GSA Annual Meeting in Seattle, Washington, USA - 2017

Paper No. 154-7
Presentation Time: 9:00 AM-6:30 PM

PXRF: PACKED WITH POTENTIAL - PROTOCOLS FOR BASALTIC SAMPLES


GOLIA, Rebecca Lynne, Department of Geology, Amherst College, Amherst, MA 01002; Department of Geological Sciences, University of Canterbury, Private Bag 4800, Christchurch, 8041, New Zealand; Frontiers Abroad, Christchurch, 8041, New Zealand and HAMPTON, Samuel, Department of Geological Sciences, University of Canterbury, Private Bag 4800, Christchurch, 8041, New Zealand; Frontiers Abroad, Christchurch, 8041, New Zealand, rgolia18@amherst.edu

Portable XRF (pXRF) units are becoming more readily available and their usage within geoscience is increasing, but to what extent can we rely on these devices as research tools? This study investigates the best protocols for producing accurate datasets for volcanic rocks. Seven billets of basaltic lava flows of varying thickness were selected, and analyzed using best use practices for the device (an Olympus Vanta Innov-X, M Series). Controls on sample results came from previous XRF analysis, and associated LOI corrections and normalization. pXRF best use practices were developed in accordance with guidance from Olympus and previous studies.

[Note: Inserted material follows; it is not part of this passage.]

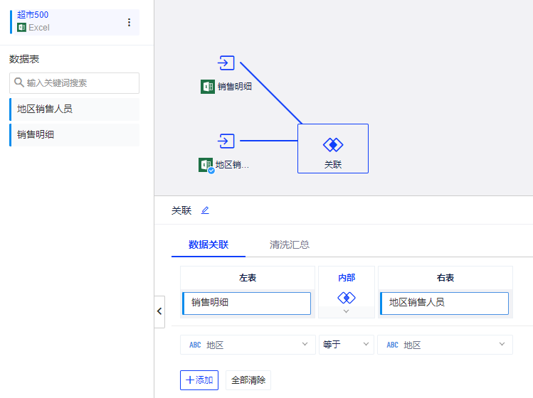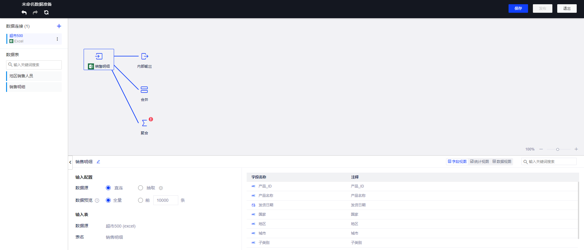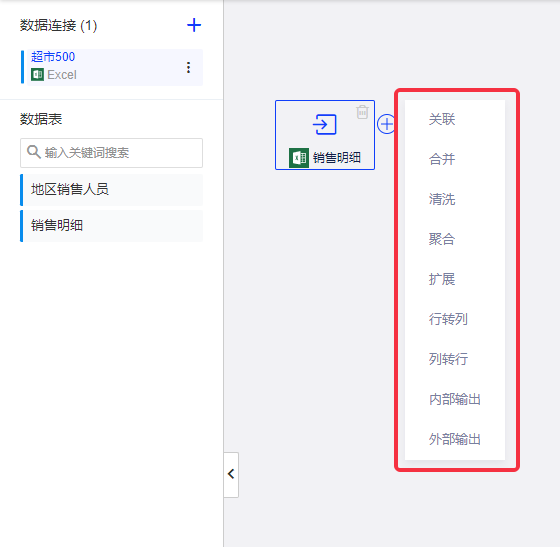 承接数据连接,数据准备(轻量ETL)可以将数据源表中的数据进行清洗、聚合、关联等操作,并将加工后的数据输出,建立数据模型。

A key aim for practical use of XRF datasets is to classify rock units, and for volcanic rocks this is done using a Total Alkali–Silica (TAS) Diagram. However, pXRF results are devoid of Na2O (a key oxide), as this is below the detection spectrum of the instrument. To counter this lack of data, direct relationships were calculated using the relative relationship between Na2O and K2O, and regression models were then created for specific samples and for basaltic rocks with an SiO2 content ranging from 41-57 weight percent. Calculated results were then normalized, and compared to previous XRF results. TAS-specific regression models (defined by TAS classification) produced more accurate results than the broader basaltic rock regression model (defined by samples with an SiO2 content of 41-57 wt%), which in most cases correctly determined rock type.

Thickness of billets did not affect results, with the minimum tested at 1.15cm (just above the minimum suggested thickness). In comparison to calculated LOI from XRF, no relationship can be established between pXRF data and XRF-derived LOI, indicating that locked in water content remains stable during testing and does not influence data collection. To obtain accurate results, regression models specific to rock type are suggested to calibrate pXRF datasets. However, broader SiO2-defined regression lines can be used to derive elements below detection limits.